Records drawn from a dataset:
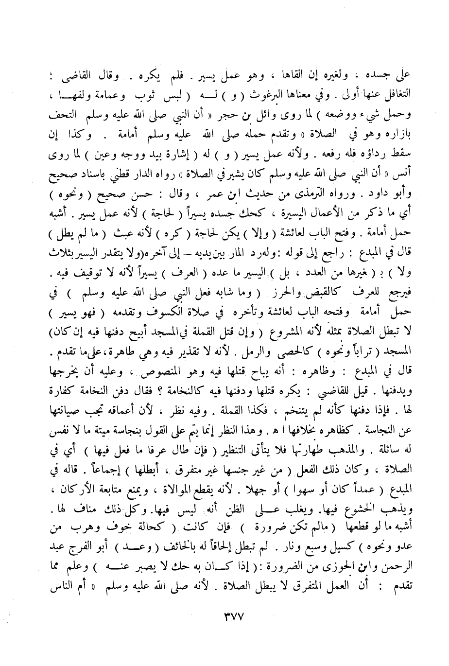(وَإِلَّا) يَكُنْ لِحَاجَةٍ (كُرِهَ) لِأَنَّهُ عَبَثٌ (مَا لَمْ يَطُلْ) قَالَ فِي الْمُبْدِعِ: رَاجِعٌ إلَى قَوْلِهِ: وَلَهُ رَدُّ الْمَارِّ بَيْنَ يَدَيْهِ إلَى آخِرِهِ (وَلَا يَتَقَدَّرُ الْيَسِيرُ بِثَلَاثٍ وَلَا) بِ (غَيْرِهَا مِنْ الْعَدَدِ، بَلْ) الْيَسِيرُ مَا عَدَّهُ (الْعُرْفُ) يَسِيرًا لِأَنَّهُ لَا تَوْقِيفَ فِيهِ فَيَرْجِعُ لِلْعُرْفِ كَالْقَبْضِ وَالْحِرْزِ (وَمَا شَابَهَ فِعْلَ النَّبِيِّ - صَلَّى اللَّهُ عَلَيْهِ وَسَلَّمَ -) فِي حَمْلِ أُمَامَةَ وَفَتْحِهِ الْبَابَ لِعَائِشَةَ وَتَأَخُّرِهِ فِي صَلَاةِ الْكُسُوفِ وَتَقَدُّمِهِ (فَهُوَ يَسِيرٌ) لَا تَبْطُلُ الصَّلَاةُ بِمِثْلِهِ لِأَنَّهُ الْمَشْرُوعُ.
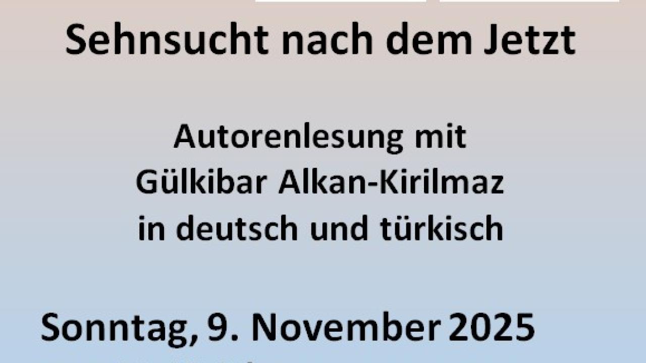 09.11.2025 Sehnsucht nach dem Jetzt - Simdiyi Özlemek Autorenlesung mitGülkibar Alkan-Kirilmazin deutsch und türkischam Sonntag, den 9. November2025, um 15.00 Uhr
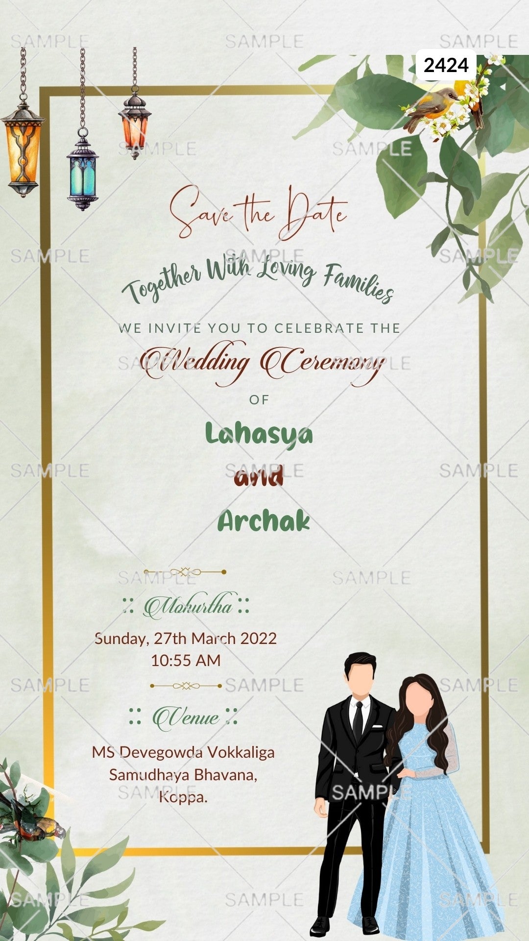 The Pastel green Theme of the Hindu South Indian romantic couple doodle digital invitation Canva Editable Template for wedding ceremony in pastel green background color. This e-invite editable template is perfectly suitable for Kannada family and it's available in English language. It includes elements such as leaves, golden frame, peacock, birds, lantern. This card design can be customized online for free in Canva, and you can edit the couple's name, date, time, function name and venue. You can also share your card easily via WhatsApp or email.
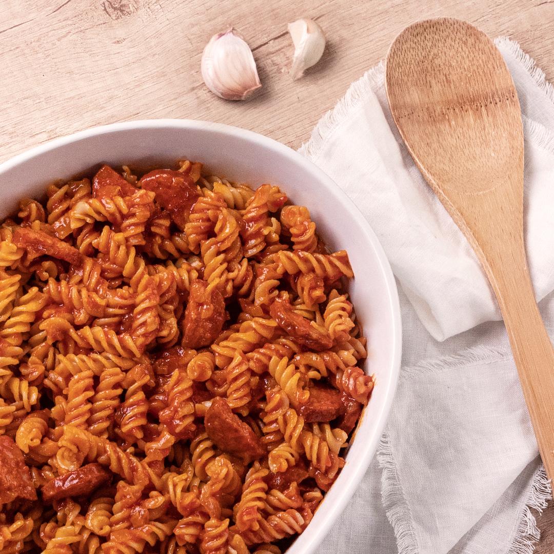 Hervimos la pasta en abundante agua según indicaciones del envase. Escurrimos, aliñamos con aceite de oliva.
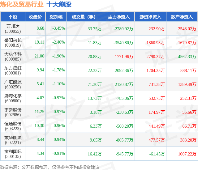 个股表现方面,炼化及贸易行业当日领跌股为万邦达(300055),该股当日报收8.68,下跌3.45%,成交量33.75万,主力资金净流出2780.92万元。岳阳兴长(000819)以下跌2.4%紧随其后,该股当日成交量11.83万,主力资金净流出3540.8万元。除此之外,大庆华科(000985)、东方盛虹(000301)、广汇能源(600256)均进入当日熊股之列。具体个股列表见下表:
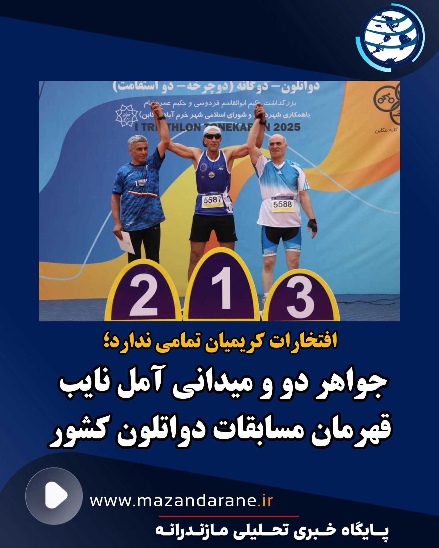 بهرام کریمیان جواهر دو و میدانی شهرستان آمل در این دوره از مسابقات در رده سنی ۵۵ الی ۶۰ سال توانست مقام نایب قهرمانی را کسب کند و به افتخارات بیشمار خود مدال دیگری را اضافه کند.
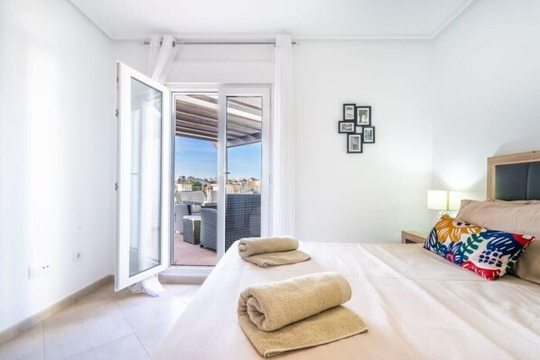This modern second-floor apartment offers bright and spacious accommodation with spectacular views over the golf course. The apartment has two bedrooms, accommodating up to four people. The first bedroom features a double bed, while the second bedroom has two single beds. Both bedrooms are equipped with ceiling fans to ensure your comfort.
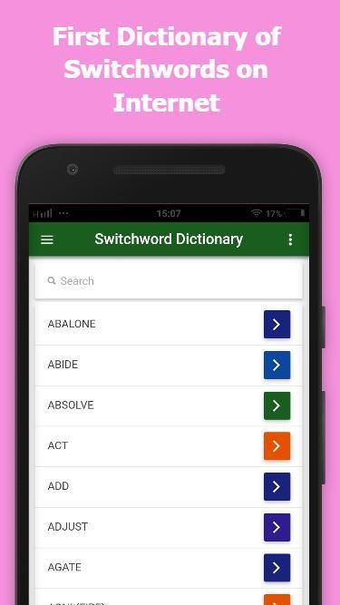 वहाँ एक "वर्णमाला शब्दकोश" के रूप में अच्छी तरह से "500 Switchwords" यह आसान विस्तार से हर switchword को समझने के लिए कर रही है और अधिक से अधिक को कवर है।

> [Exercise]: Copy back exactly the lines above from the one containing "个股表现方面,炼化及贸易行业" through the one containing "بهرام کریمیان جواهر", and leave every picture behind.

> [Answer to this problem]:
 个股表现方面,炼化及贸易行业当日领跌股为万邦达(300055),该股当日报收8.68,下跌3.45%,成交量33.75万,主力资金净流出2780.92万元。岳阳兴长(000819)以下跌2.4%紧随其后,该股当日成交量11.83万,主力资金净流出3540.8万元。除此之外,大庆华科(000985)、东方盛虹(000301)、广汇能源(600256)均进入当日熊股之列。具体个股列表见下表:
 بهرام کریمیان جواهر دو و میدانی شهرستان آمل در این دوره از مسابقات در رده سنی ۵۵ الی ۶۰ سال توانست مقام نایب قهرمانی را کسب کند و به افتخارات بیشمار خود مدال دیگری را اضافه کند.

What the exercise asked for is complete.